Who Should Play What?

Play Regretevator if you:

Love social interaction and meeting new people on Roblox. Enjoy roleplay and expressing yourself through character skins. Prefer comedic horror over genuine scares. Want a low-pressure experience without progression anxiety. Like games that are funny and weird and don't take themselves seriously.

Play Dandy's World if you:

Want a structured game with collecting, crafting, and progression. Enjoy the contrast between cute aesthetics and genuine horror. Like cooperative gameplay where teamwork matters. Want concrete goals and rewards for your time. Prefer games with deeper mechanics and strategic decision-making.

Play both if you:

Enjoy different types of experiences and want variety. Like horror-adjacent content that doesn't take itself too seriously. Want one game for socializing (Regretevator) and one for structured play (Dandy's World). Are interested in how two very different games approach the same horror-comedy space.

Frequently Asked Questions

Is Regretevator or Dandy's World scarier?

Dandy's World is the scarier game overall. Its Twisted versions of the cartoon toons are genuinely unsettling, and being chased by a corrupted version of a cute character creates a specific kind of horror that hits hard. Regretevator has horror elements, but its tone is more comedic and social. The scares in Regretevator are played for laughs as often as they're played for genuine fright. If you want actual tension, Dandy's World delivers it more consistently.

Can you play Regretevator and Dandy's World with friends?

Yes, both games support multiplayer and are better with friends. Regretevator is inherently a social game where the fun comes from interacting with other players in the elevator. Dandy's World supports co-op where you explore together, collect toons, and help each other survive Twisted encounters. Both shine in group settings, but Regretevator is more about social interaction while Dandy's World is about cooperative survival.

Which game has more content -- Regretevator or Dandy's World?

Dandy's World has more structured content with its toon collection system, crafting mechanics, and multiple Twisted enemies to encounter. Regretevator's content is more emergent and social -- the game provides floors and character skins, but much of the entertainment comes from player interaction and roleplay. If you measure content by systems and collectibles, Dandy's World wins. If you measure it by replayable social moments, Regretevator holds its own.

Are Regretevator and Dandy's World free to play?

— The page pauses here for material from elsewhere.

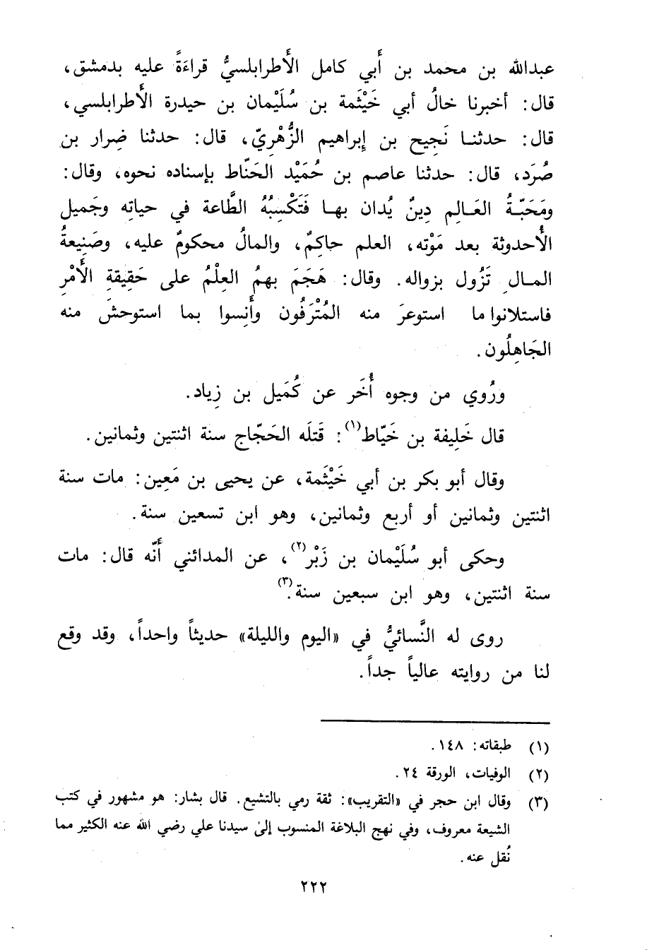 عَبد اللَّهِ بْن مُحَمَّد بْن أَبي كامل الأطرابلسي قِرَاءَةً عَلَيْهِ بِدِمَشْقَ، قال: أَخْبَرَنَا خال أَبِي خَيْثَمَة بْن سُلَيْمان بْن حيدرة الأطرابلسي، قال: حَدَّثَنَا نَجِيح بْن إِبْرَاهِيم الزُّهْرِيّ، قال: حَدَّثَنَا ضرار بْن صرد، قال: حَدَّثَنَا عَاصِم بْن حُمَيْد الحناط بإسناده نحوه، وَقَال: ومحبة العالم دين يدان بها فتكسبه الطاعة في حياته وجميل الأحدوثة بعد موته، العلم حاكم، والمال محكوم عَلَيْهِ، وصنيعة المال تزول بزواله. وَقَال: هجم بهم العلم على حقيقة الأمر فاستلانوا مَا استوعر منه المترفون وأنسوا بما استوحش منه الجاهلون.

Both games are free to play. Regretevator doesn't have prominent game passes and focuses on the free social experience. Dandy's World offers optional game passes like Extra Life (199 Robux) and x2 Speed (299 Robux) that provide convenience but don't lock core content behind a paywall. You can enjoy both games fully without spending Robux.

Which game is better for younger players -- Regretevator or Dandy's World?

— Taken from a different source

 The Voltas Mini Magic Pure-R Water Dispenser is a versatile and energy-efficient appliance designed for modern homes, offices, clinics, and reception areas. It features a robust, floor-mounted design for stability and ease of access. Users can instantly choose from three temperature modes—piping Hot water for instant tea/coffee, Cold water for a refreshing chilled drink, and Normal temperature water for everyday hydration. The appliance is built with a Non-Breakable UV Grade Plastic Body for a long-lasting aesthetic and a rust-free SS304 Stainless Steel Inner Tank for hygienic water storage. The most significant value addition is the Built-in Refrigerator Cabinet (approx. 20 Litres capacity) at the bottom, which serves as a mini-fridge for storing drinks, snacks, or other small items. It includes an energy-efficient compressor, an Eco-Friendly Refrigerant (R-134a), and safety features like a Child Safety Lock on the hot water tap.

Regretevator is generally more suitable for younger players. Its comedic tone and social nature make it feel more like a silly hangout space than a horror game. Dandy's World has genuine scary moments with its Twisted enemies, which might be too intense for very young children. That said, Dandy's World's cartoon aesthetic softens the horror considerably compared to games like DOORS or Apeirophobia. Both are appropriate for most Roblox-age players, but parents should know that Dandy's World has more frightening content.

Which game is more popular -- Regretevator or Dandy's World?

Dandy's World is significantly more popular, with over 1.1 billion visits compared to Regretevator's 237 million. Dandy's World has grown rapidly since launch and maintains higher concurrent player counts. However, Regretevator has a devoted community that values its unique social elevator concept, and its player base has remained steady over time.